Abstract
The emergence of the severe acute respiratory syndrome coronavirus 2 (SARS-CoV-2) late last year has not only led to the world-wide coronavirus disease 2019 (COVID-19) pandemic but also a deluge of biomedical literature. Following the release of the COVID-19 open research dataset (CORD-19) comprising over 200,000 scholarly articles, we a multi-disciplinary team of data scientists, clinicians, medical researchers and software engineers developed an innovative natural language processing (NLP) platform that combines an advanced search engine with a biomedical named entity recognition extraction package.
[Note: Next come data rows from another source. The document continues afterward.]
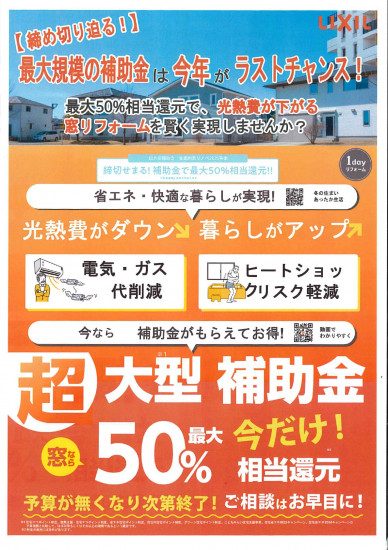 - 超大型補助金★窓なら最大50%相当還元
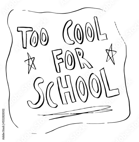 Naklejka premium hand-drawn slogan is showing TOO COOL FOR SCHOOL in wavy outline with stars,...
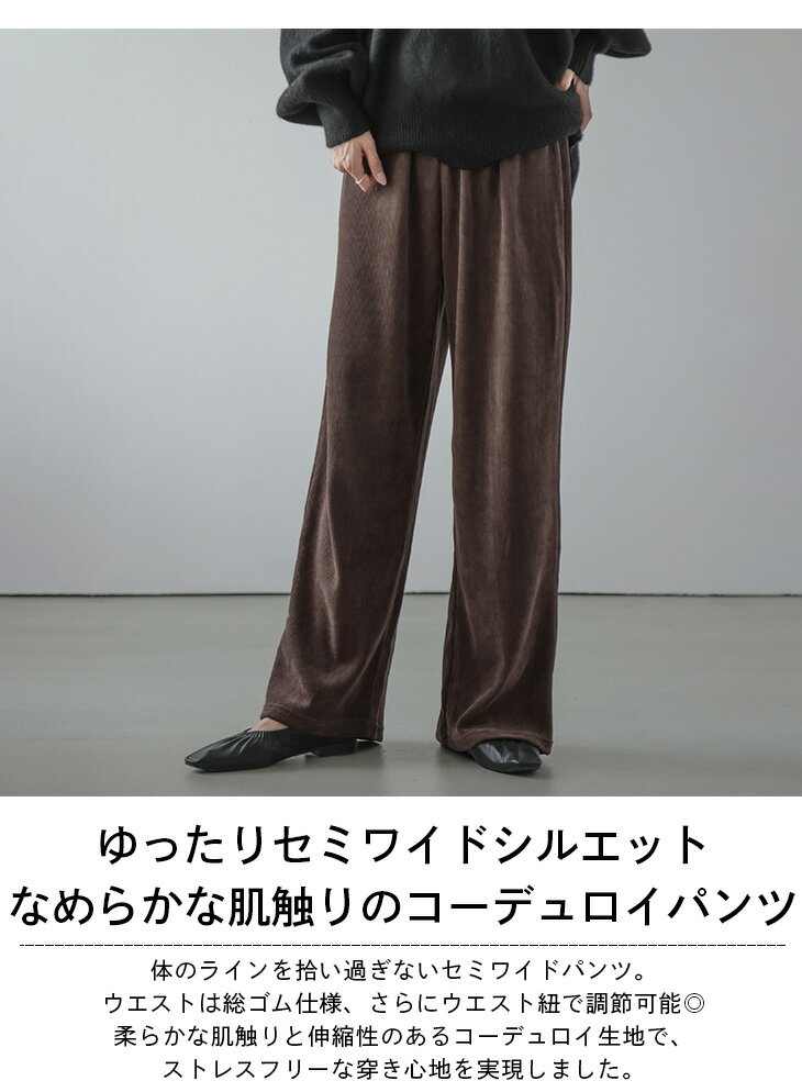 【半額クーポン対象】コーデュロイ セミワイド パンツ ウエストゴム ロングパンツ ボトムス レディース 伸縮性 おすすめ おしゃれ ブラック メール便 2024春夏新作 【lsbt304-480】【即納:1-5営業日】【送料無料】メ込3

In particular, the platform was developed to extract information relating to clinical risk factors for COVID-19 by presenting the results in a cluster format to support knowledge discovery. Here we describe the principles behind the development, the model and the results we obtained.
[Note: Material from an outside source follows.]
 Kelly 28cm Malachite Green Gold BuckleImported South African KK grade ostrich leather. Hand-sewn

Keywords: COVID-19, Text Mining, Cluster Algorithms, Biomedical NLP
Introduction
The first coronavirus disease 2019 (COVID-19) cases emerged in Wuhan city in China as a result of infection from severe acute respiratory syndrome coronavirus 2 (SARS-CoV-2).1 Since then the disease has spread across the world resulting in a pandemic.2 To contain the disease, there is a world-wide effort to study the virus and devise treatments and vaccine candidates.3 Clinicians and researchers are in urgent need of rapid and quality information that will help them to inform diagnostics and therapeutics relating to the disease. However, the volume of studies concerning COVID-19 has substantially increased since the beginning of 2020 (fig. 1 ).4 When you couple these studies with pre-existing studies relating to other coronaviruses, immunology, genomics, proteomics and therapeutics the volume increases markedly.5
While not everything in this collection of medical literature is of proven value, it is nevertheless an essential source of information in the pandemic context.5 In this context, researchers and clinicians require a reliable approach to mining published literature for novel insights, emerging risk factors and therapeutics to inform their work in combating the COVID-19 pandemic. Biomedical natural language processing (NLP) or text mining can help mine useful information and knowledge from large volumes of biomedical literature.6 The objective of text mining is to derive implicit knowledge that hides in such literature and present it in an explicit form. In this context, we offer an innovative text mining and analytical tool that will aid clinicians and researchers in extracting valuable insights from large datasets of literature. In the following sections, we describe the principles, techniques and results of our approach.
Methods
The first step in our text mining process was information retrieval (IR). The dataset we relied on to retrieve information in this step was the COVID-19 Open Research Dataset (CORD-19), which is a resource of over 60,000 scholarly articles, including over 47,000 publications covering subjects such as COVID-19 and coronavirus related research.7 The CORD-19 dataset was initially made available for machine learning practitioners as an open-access database by a coalition including the White House, National Institutes of Health, and other partners but is now maintained by the Allen Institute for AI. The dataset gets updated weekly, and we last retrieved the dataset, to assess the utility of our model, in the first week of January 2021.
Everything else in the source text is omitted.